Assignment: Please repeat word for word the line containing "- Click an assessment" and every following line up to and including the last one below, pictures excluded.

[Records for the exercise]

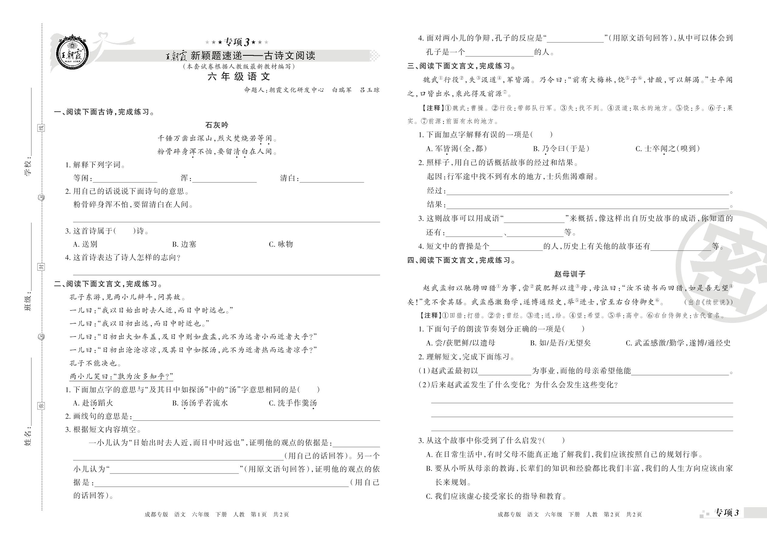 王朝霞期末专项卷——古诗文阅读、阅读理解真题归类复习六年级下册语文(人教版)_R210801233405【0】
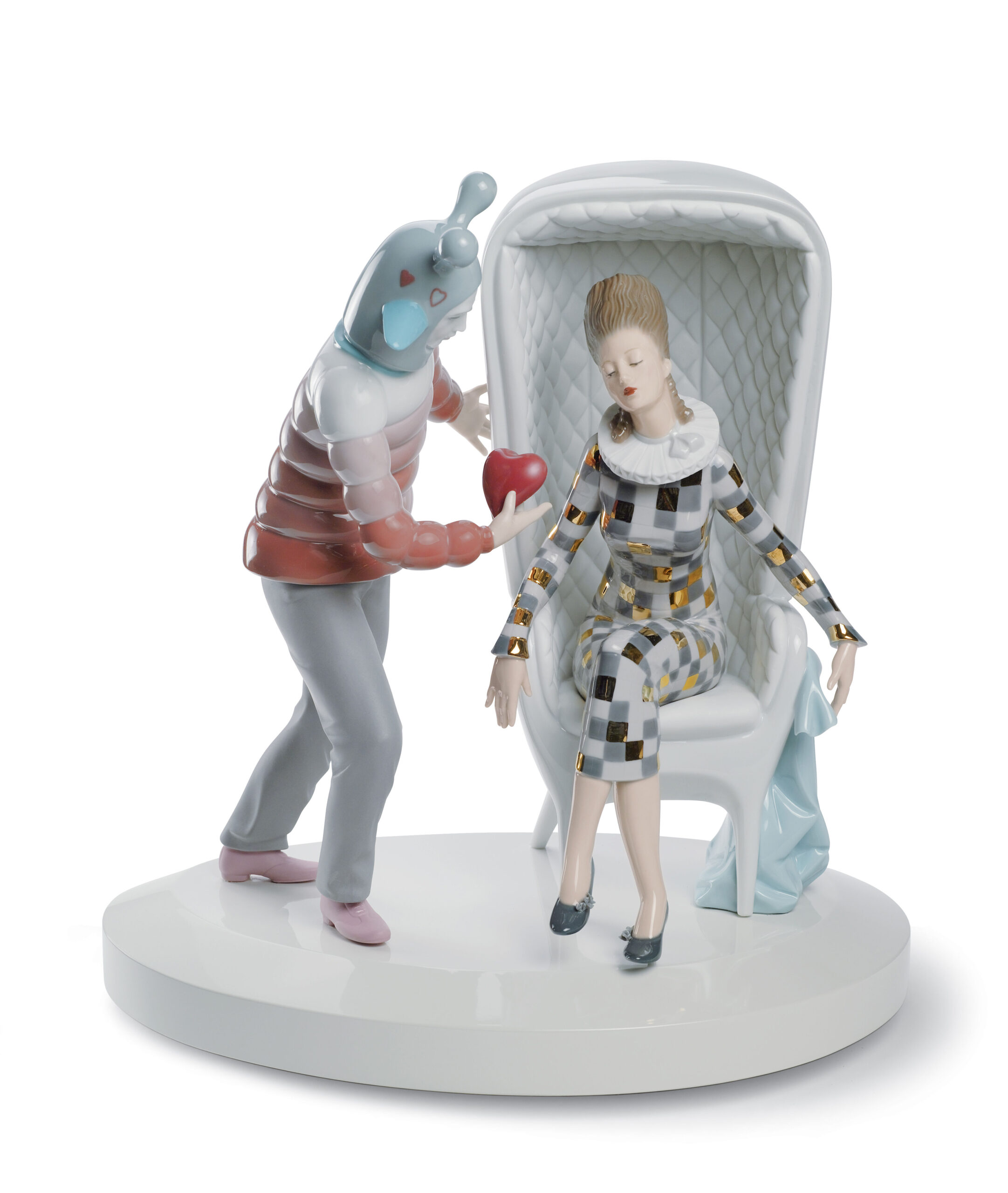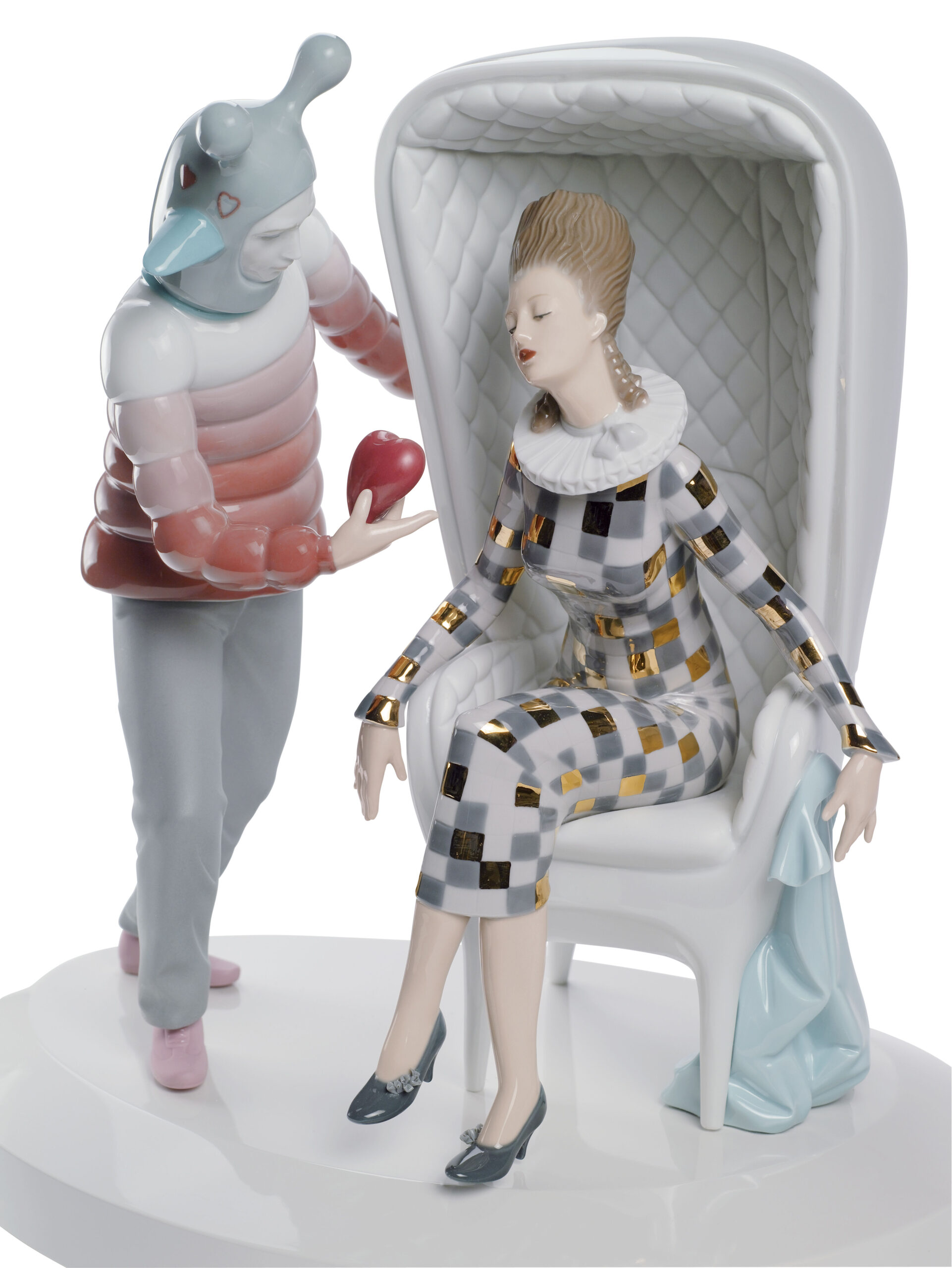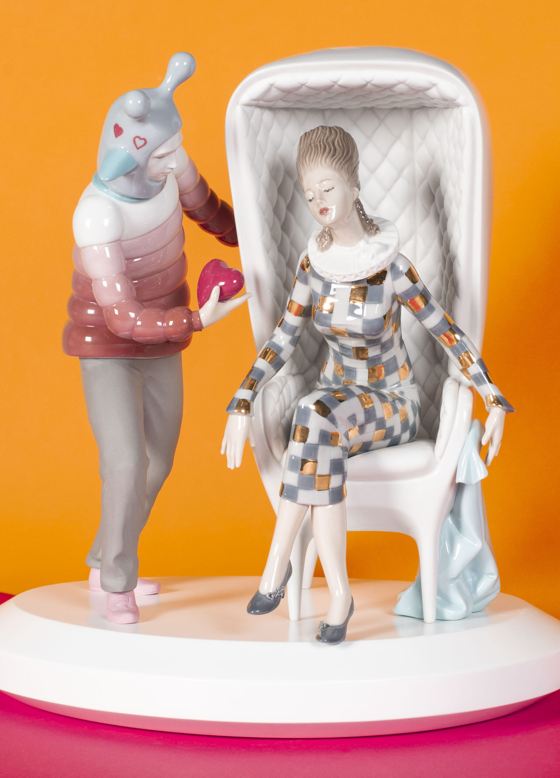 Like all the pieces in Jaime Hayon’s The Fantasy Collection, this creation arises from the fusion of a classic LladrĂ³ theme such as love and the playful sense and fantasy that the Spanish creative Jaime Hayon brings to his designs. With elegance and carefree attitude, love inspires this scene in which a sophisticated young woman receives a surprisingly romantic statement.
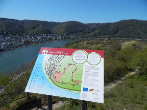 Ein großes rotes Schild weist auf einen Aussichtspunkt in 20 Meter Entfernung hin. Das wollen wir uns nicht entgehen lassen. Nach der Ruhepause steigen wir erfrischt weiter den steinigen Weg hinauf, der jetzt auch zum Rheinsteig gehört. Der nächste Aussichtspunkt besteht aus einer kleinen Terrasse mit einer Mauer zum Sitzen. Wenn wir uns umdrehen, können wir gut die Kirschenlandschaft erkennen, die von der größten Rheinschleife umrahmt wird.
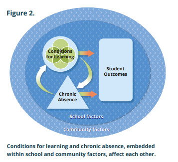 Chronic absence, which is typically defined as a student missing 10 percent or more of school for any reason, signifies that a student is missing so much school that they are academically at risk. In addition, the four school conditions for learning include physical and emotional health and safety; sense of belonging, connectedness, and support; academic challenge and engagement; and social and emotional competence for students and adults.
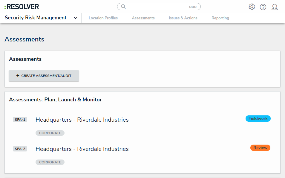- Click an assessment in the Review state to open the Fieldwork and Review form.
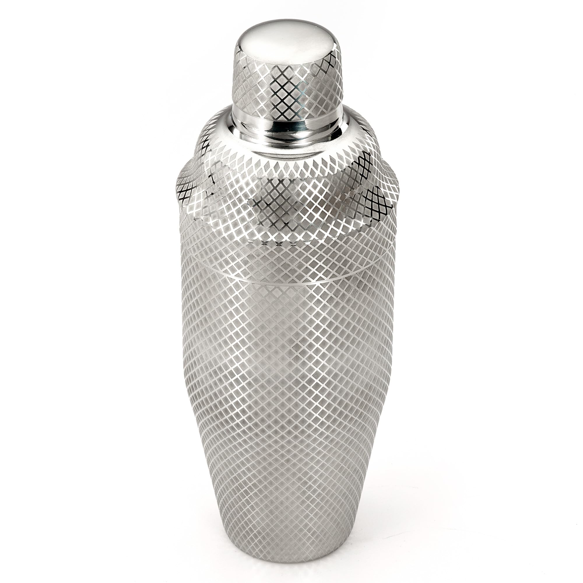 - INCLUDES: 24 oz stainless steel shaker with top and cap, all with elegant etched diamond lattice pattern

[/Records for the exercise]

Answer for the task:
- Click an assessment in the Review state to open the Fieldwork and Review form.
 - INCLUDES: 24 oz stainless steel shaker with top and cap, all with elegant etched diamond lattice pattern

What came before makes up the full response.